ただでさえ、物件は購入した瞬間にその資産価値は一気に下がります。購入する際にはがっぽりと手数料が上乗せされているので、当たり前ですよね。
更に、ローンを払い終えた頃には多くの場合20年も30年も時間が経っているわけですので、経年劣化などで資産価値が下がっていることもご理解いただけると思います。
そもそもローン返済時には追加で金利も払っています。

以上を踏まえたとき、果たして住宅ローンを払い終える頃にも思ったような資産価値を持ち続けてくれているでしょうか。
絶対に価値が上がる物件が買えるには、この項目はクリアですね。

※出典:総務省「国勢調査」
    国立社会保障・人口問題研究所「日本の将来推計人口(令和5年推計)」

維持費がかかり続ける

資産価値としては下がっても、家賃を払い続けるよりはトータルで考えたときにお得だ、と言う方がいるかと思います。
物件によっては、そうかもしれません。
ただ、忘れてはいけないのは、マイホームに住む場合でも、維持費がかかり続けることです。
管理費(マンションの場合)や修繕費、固定資産税などですね。
賃貸の場合にかかる共益費などは、大した額にはなりません。

引越しが難しくなる

新居に入ってから、以下の事態に直面したことがある方、以下のようなことを聞いたことがある方はいるのではないでしょうか。

  • 近所に変な人がいることを知った
  • 立地の不便さに気付いた
  • 周囲に嫌な施設が立つことになった

このようなときに、賃貸であれば最悪引越すことで対応可能です。
ただし、マイホームの場合は既に解説したように、簡単に出ていくことはできません。

災害リスクがある

マイホームには、災害リスクを伴います。
火災や地震などが該当します。
そのために、火災保険や地震保険に入るわけですね。
ただし、地震保険は建物の再建を目的としていません。生活の再建を目的としています。

地震保険は、地震等による被災者の生活の安定に寄与することを目的として、民間保険会社が負う地震保険責任の一定額以上の巨額な地震損害を政府が再保険することにより成り立っています。

財務省:「地震保険制度の概要」

建物が壊れた場合、それを建て直すほどの保険金は出ないということです。

賃貸の場合は、そもそも不要です。
自分の家ではないので、どうなろうと関係ありません。
入るとしたら家財補償になると思いますが、これについても、正直不要だと考えています。

ローンの返済リスクと金利変動リスクがある

住宅ローンを組んでマイホームを購入する場合、ローンを返済できなくなるリスクがあります。
会社をクビになって、あるいは病気になって収入がなくなる、などがその原因になり得ます。
賃貸の場合だと、そういった場合でも家賃の低い物件に引っ越す、一時的に実家に住まわせてもらう、など対応方法はいくつか考えられますが、ローンの返済は、多くの場合待ってくれません。
ローンを返済するために別のところでお金を借りる、など地獄のスパイラルに陥り、自己破産する人も一定数いるようです。

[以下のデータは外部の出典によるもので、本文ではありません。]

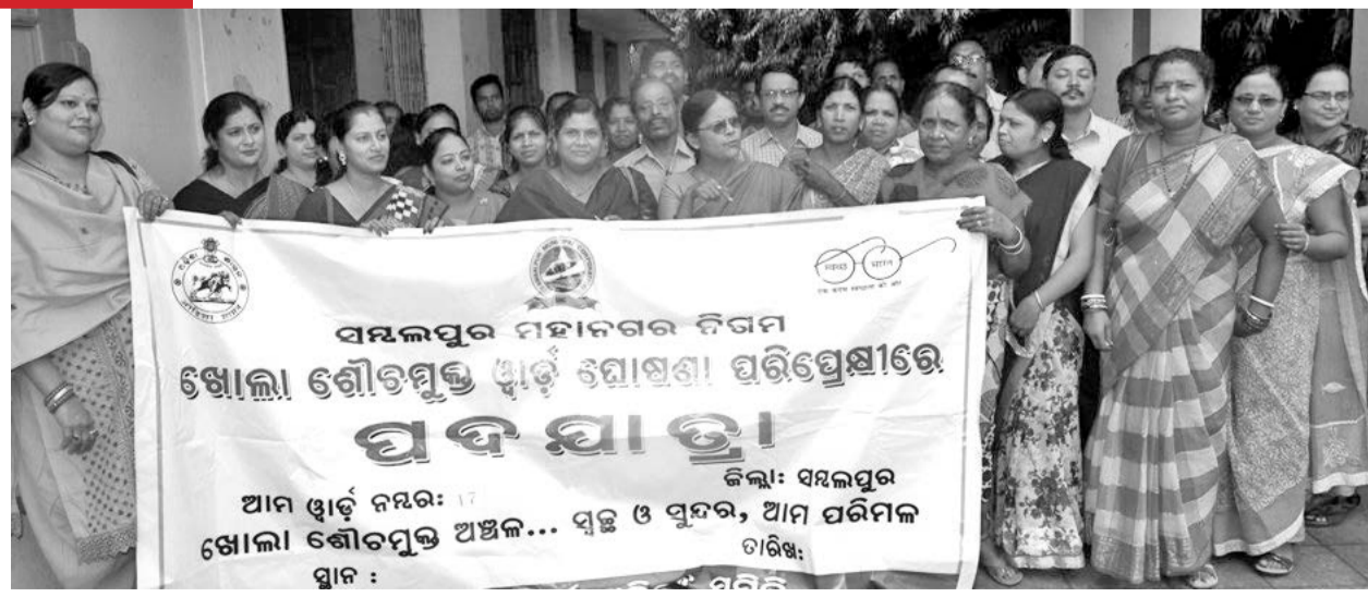
ଖୋଲାରେ ମନଦୀର ଦ୍ୱାରା ପରିବେଷିତ ପ୍ରକୃତି ହେଉଛି। ଏଣୁ ଏଥିପାଇଁ ସଚେତନତା ଉଦ୍ଦେଶ୍ୟରେ ଶୁକ୍ରବାର ସମ୍ବଲପୁର ମହାନଗର ନିଗମ ପକ୍ଷରୁ ଖୋଲା ଶୈତପୁତ୍ର ପଦଯାତ୍ରା ବାହାରିବା ଅବସ୍ଥାରେ ସାମିଲ ହୋଇଥିବା ମହିଳାମାନେ।

ローンに関しては、金利変動リスクも持ち合わせています。
今は低金利ですが、今後どうなるか分かりません。変動金利の場合、数十年前そうだったように、高金利に戻り可能性だってあります。
その場合、返済額が一気に跳ね上がります。

家族の構成変化に対応できない

特に近年は生涯1人で暮らすことを決める方は増えましたが、それでも多くの方にとって人生の中で家族構成は変化していくことでしょう。
例えば、1人から結婚して2人に、子どもが産まれて3人に、子どもが独立して2人に、そしてパートナーと死別して1人に、などですね。

3人の時期に家を購入した場合、2人になったら場所を持て余すことでしょうか。
その場合、その期間の持て余した無駄なスペースのための費用を住宅購入資金の一部として払ってしまったということになります。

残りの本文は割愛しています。